The Dark Tower (The Dark Tower #7)

"I used to work for this guy before I came here," Dinky said.

"Mr. Sharpton, his name was. He used to tell me that never's the word God listens for when he needs a laugh."

Jake made no reply. He was thinking of how Eddie had talked about the rooms of ruin. Jake had followed Mia into a room like that, once upon a time and in a dream. Now Mia was dead. Callahan was dead. And Eddie was dying. He thought of all the bodies lying out there under blankets while thunder rolled like bones in the distance. He thought of the man who'd shot Eddie snap-rolling to the left as Roland's bullet finished him off. He tried to remember the welcoming party for them back in Calla Bryn Sturgis, the music and dancing and colored torches, but all that came clear was the death of Benny Slightman, another friend. Tonight the world seemed made of death.

He himself had died and come back: back to Mid-World and back to Roland. All afternoon he had tried to believe the same thing might happen to Eddie and knew somehow that it would not. Jake's part in the tale had not been finished. Eddie's was. Jake would have given twenty years of his life-thirty!-not to believe that, but he did. He supposed he had progged it somehow.

The rooms of ruin where the spiders spin and the great circuits fall quiet, one by one.

Jake knew a spider. Was Mia's child watching all of this? Having fun? Maybe rooting for one side or the other, like a f**king Yankee fan in the bleachers?

He is. I know he is. I feel him.

"Are you all right, kiddo?" Dinky asked.

"No," Jake said. "Not all right." And Dinky nodded as if that was a perfectly reasonable answer. Well, Jake thought, probably he expected it. He's a telepath, after all.

As if to underline this, Dinky had asked who Mordred was.

"You don't want to know," Jake said. "Believe me." He snuffed his cigarette half-smoked ("All your lung cancer's right here, in die last quarter-inch," his father used to say in tones of absolute certainty, pointing to one of his own filterless cigarettes like a TV pitchman) and left Corbett Hall. He used the back door, hoping to avoid the cluster of waiting, anxious Breakers, and in that he had succeeded. Now he was in Pleasantville, sitting on the curb like one of the homeless people you saw back in New York, waiting to be called. Waiting for the end.

He thought about going into the tavern, maybe to draw himself a beer (surely if he was old enough to smoke and to kill people from ambush he was old enough to drink a beer),

maybe just to see if the jukebox would play without change. He bet that Algul Siento had been what his Dad had claimed America would become in time, a cashless society, and that old Seeberg was rigged so you only had to push the buttons in order to start the music. And he bet that if he looked at the song-strip next to 19, he'd see "Someone Saved My Life Tonight," by Elton John.

He got to his feet, and that was when the call came. Nor was he the only one who heard it; Oy let go a short, hurt-sounding yip. Roland might have been standing right next to them.

To me, Jake, and hurry. He's going.

SEVEN

Jake hurried back down one of the alleys, skirted the stillsmoldering Warden's House (Tassa the houseboy, who had either ignored Roland's order to leave or hadn't been informed of it, was sitting silently on the stoop in a kilt and a sweatshirt, his head in his hands), and began to trot up the Mall, sparing a quick and troubled glance at the long line of dead bodies. The little seance-circle he'd seen earlier was gone.

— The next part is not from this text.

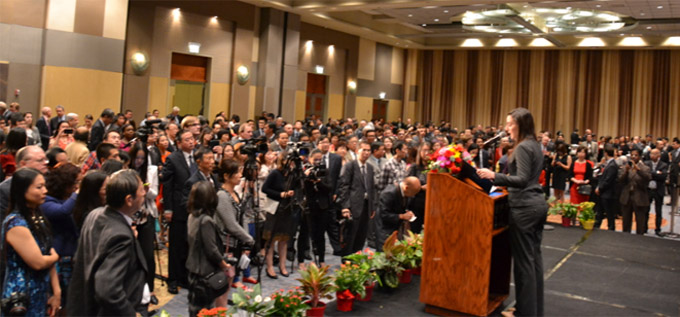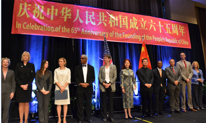 芝加哥侨学网报道】中国驻芝加哥总领事馆赵卫平总领事及夫人,9月23日在芝加哥市中心凯悦饭店 (Hyatt Regency Chicago)隆重举办庆祝中国国庆65周年招待会,来自芝加哥及总领事馆九州辖区的侨学各界代表,主流社会政要嘉宾共600多人应邀出席。
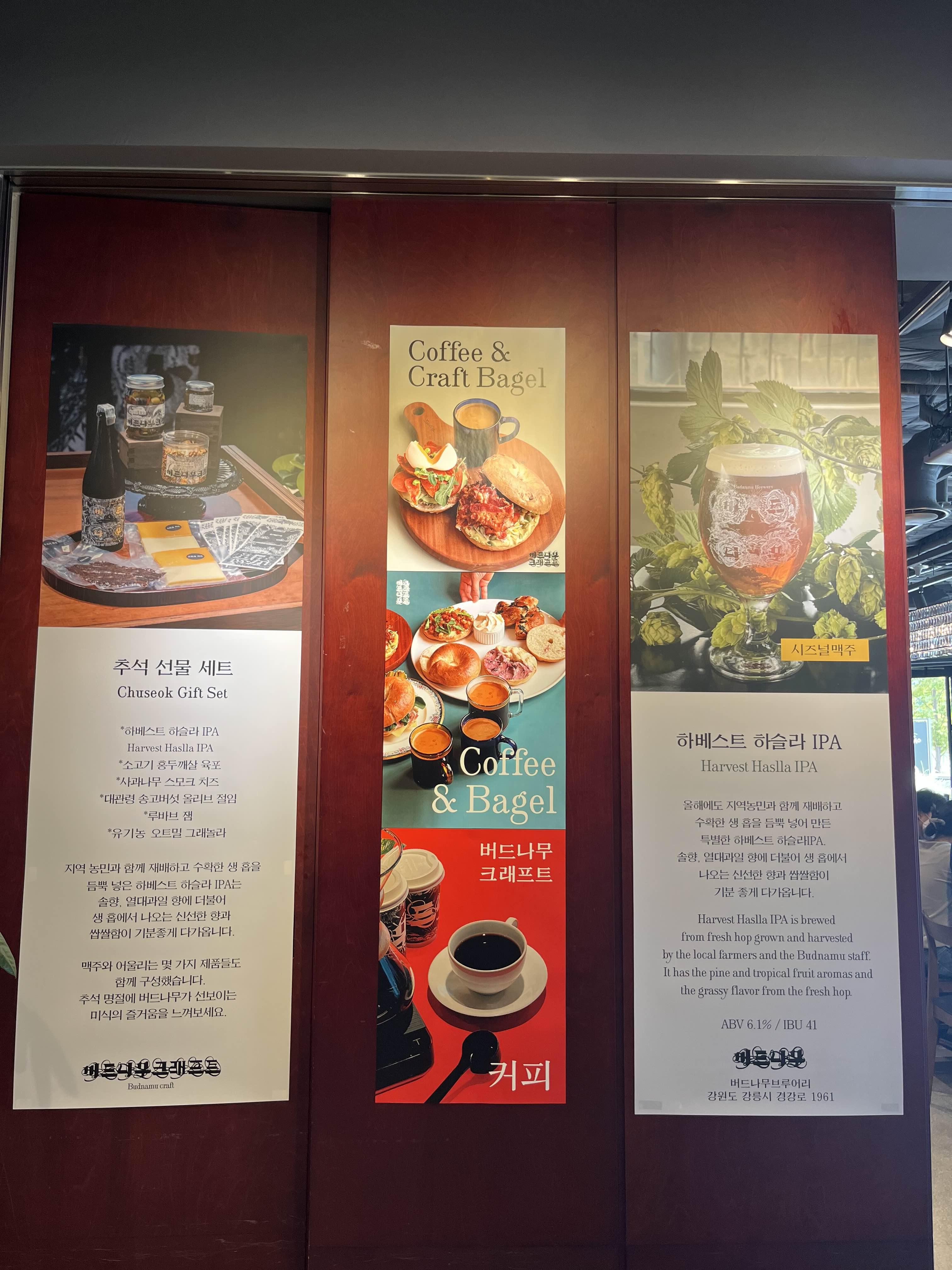 추천하는 맥주와 선물세트 등 포스터가 붙어있던 곳! 베이글은 한 번도 안먹어 봤는데 베이글이랑 커피 마시러도 와야겠다.

I won't cry, he promised himself grimly. If I'm old enough to smoke and think about drawing myself a beer, I'm old enough to control my stupid eyes. I won't cry.

Knowing he almost certainly would.

EIGHT

Sheemie and Ted had joined Dinky outside the proctor's suite.

Dinky had given up his seat to Sheemie. Ted looked tired, but Sheemie looked like shit on a cracker to Jake: eyes bloodshot again, a crust of dried blood around his nose and one ear, cheeks leaden. He had taken off one of his slippers and was massaging his foot as though it pained him. Yet he was clearly happy. Maybe even exalted.

"Beam says all may yet be well, youngjake," Sheemie said.

"Beam says not too late. Beam says thankya."

"That's good," Jake said, reaching for the doorknob. He barely heard what Sheemie was saying. He was concentrating

(won't cry and make it harder for her)

on controlling his emotions once he was inside. Then Sheemie said something that brought him back in a hurry.

"Not too late in the Real World, either," Sheemie said. "We know. We peeked. Saw the moving sign. Didn't we, Ted?"

"Indeed we did." Ted was holding a can of Nozz-A-La in his lap. Now he raised it and took a sip. "When you get in there,

Jake, tell Roland that if it's June 19th of '99 you're interested in, you're still okay. But the margin's commencing to get a little thin."

"I'll tell him," Jake said.

"And remind him that time sometimes slips over there.